══ Supplied data

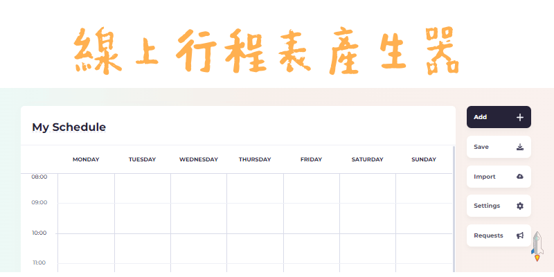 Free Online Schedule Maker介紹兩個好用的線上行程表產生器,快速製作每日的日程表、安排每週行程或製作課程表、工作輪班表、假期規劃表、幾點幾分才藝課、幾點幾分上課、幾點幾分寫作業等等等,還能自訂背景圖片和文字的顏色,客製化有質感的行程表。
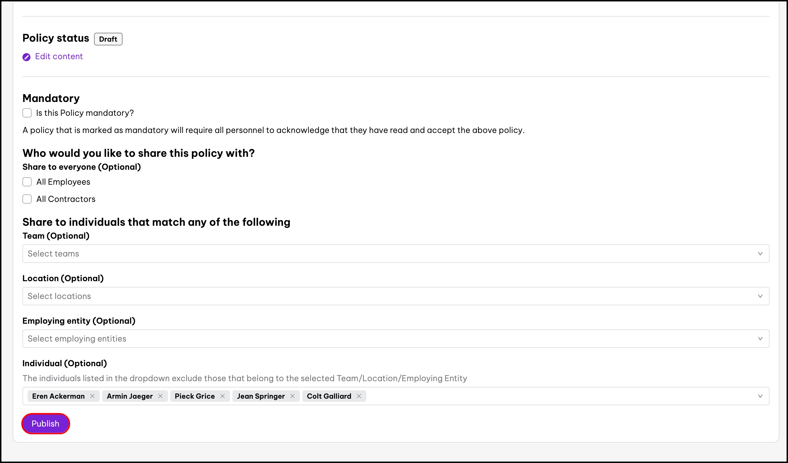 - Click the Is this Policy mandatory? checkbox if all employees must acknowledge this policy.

════
══ Supplied data

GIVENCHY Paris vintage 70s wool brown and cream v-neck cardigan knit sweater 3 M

════

#### Exercise prompt:
Copy out exactly the lines above beginning with the line that contains "Free Online Schedule" and finishing with the line that contains "- Click the", including both; leave the pictures out.

#### Result of the task:
 Free Online Schedule Maker介紹兩個好用的線上行程表產生器,快速製作每日的日程表、安排每週行程或製作課程表、工作輪班表、假期規劃表、幾點幾分才藝課、幾點幾分上課、幾點幾分寫作業等等等,還能自訂背景圖片和文字的顏色,客製化有質感的行程表。
 - Click the Is this Policy mandatory? checkbox if all employees must acknowledge this policy.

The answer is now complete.